Some Vietnamese are probably illegal immigrants, in the sense that they settled in Cambodia after the Vietnamese army overthrew the Khmer Rouge. However, it is likely that many of them were in fact Cambodian citizens who had fled the country during the period of Khmer Rouge rule. Because they are not ethnically ‘Khmer', the presumption of authorities continues to be that they are probably illegal immigrants. Unless they have identity papers demonstrating their Cambodian nationality, they risk losing their land or homes that they may have occupied for decades.

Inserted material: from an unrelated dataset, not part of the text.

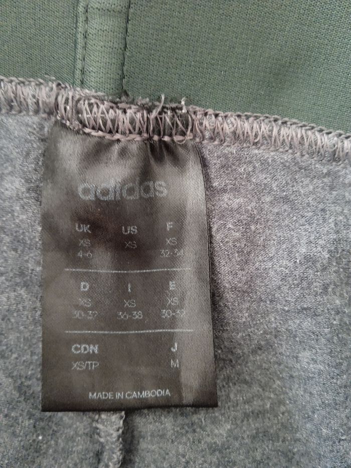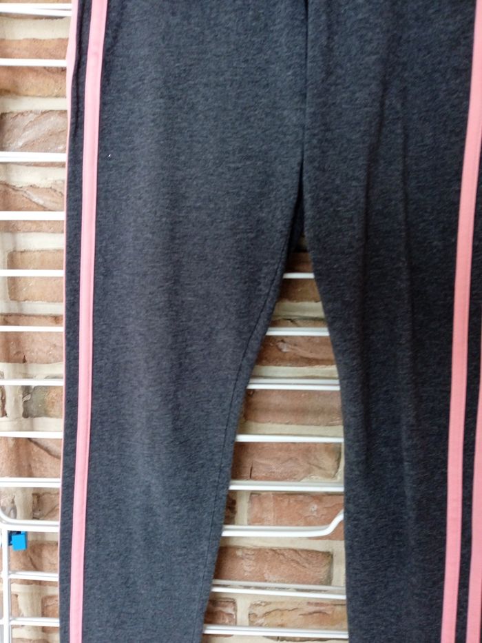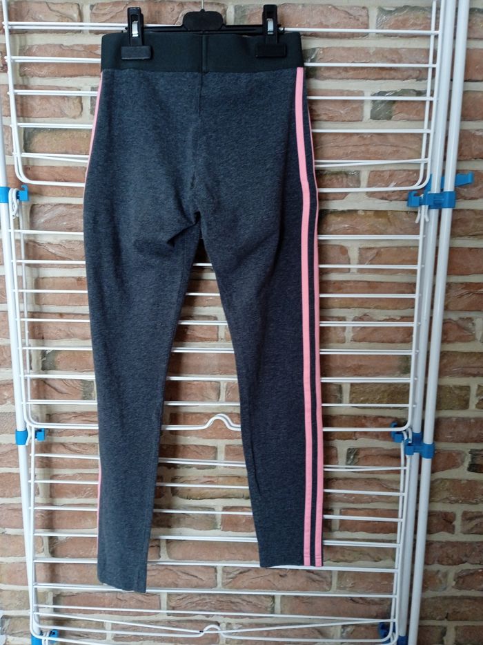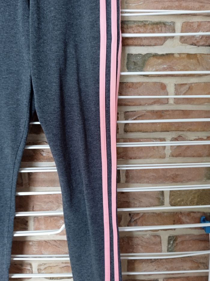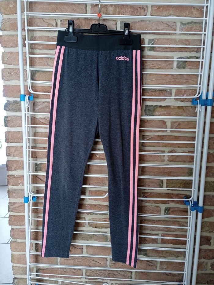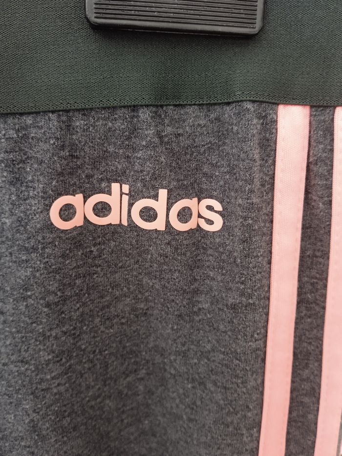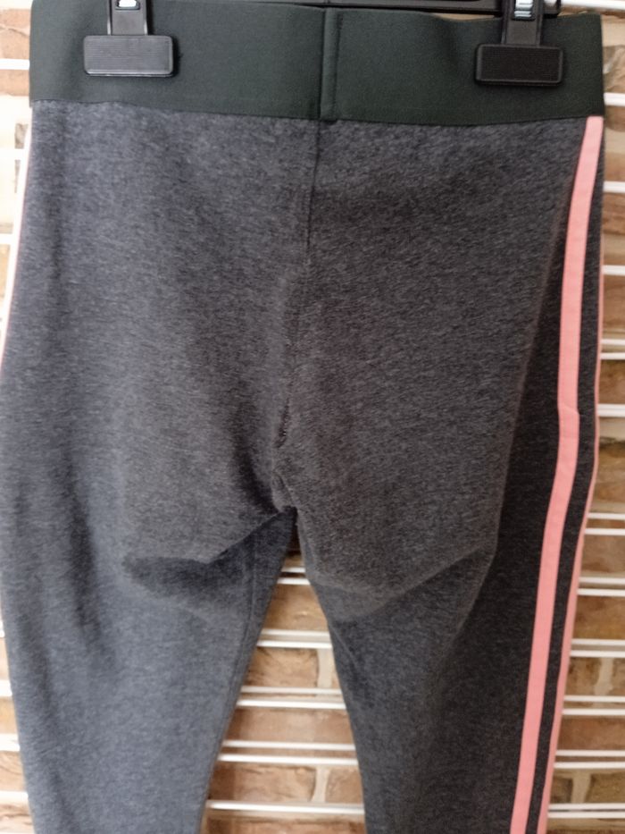 Legging gris avec traits rose sur le côté. Inscription Adidas côté gauche. Taille XS correspond à 32 /34. Léger petit défauts au niveau de la fesse droite petit point de couture voir photos. #fille12ansnade3033

There continued to be some reports in 2006 of state officials evicting ethnic Vietnamese from their floating villages around Tonle Sap Lake, and even of seizing and destroying identity papers which might establish some of them as being Cambodian citizens.
Though not due to any official Cambodian government policy, any expression of distinct Vietnamese identity is still occasionally met with violence; people are occasionally set upon if they are heard to speak in Vietnamese. Even politicians considered ‘democratic' by outsiders periodically revert to slogans against the Vietnamese minority, describing them as a ‘yuon' threat, a word which can have a derogatory meaning. There have been reports of some Vietnamese who have been recognized as citizens being prevented from voting in 2003 and in later local elections.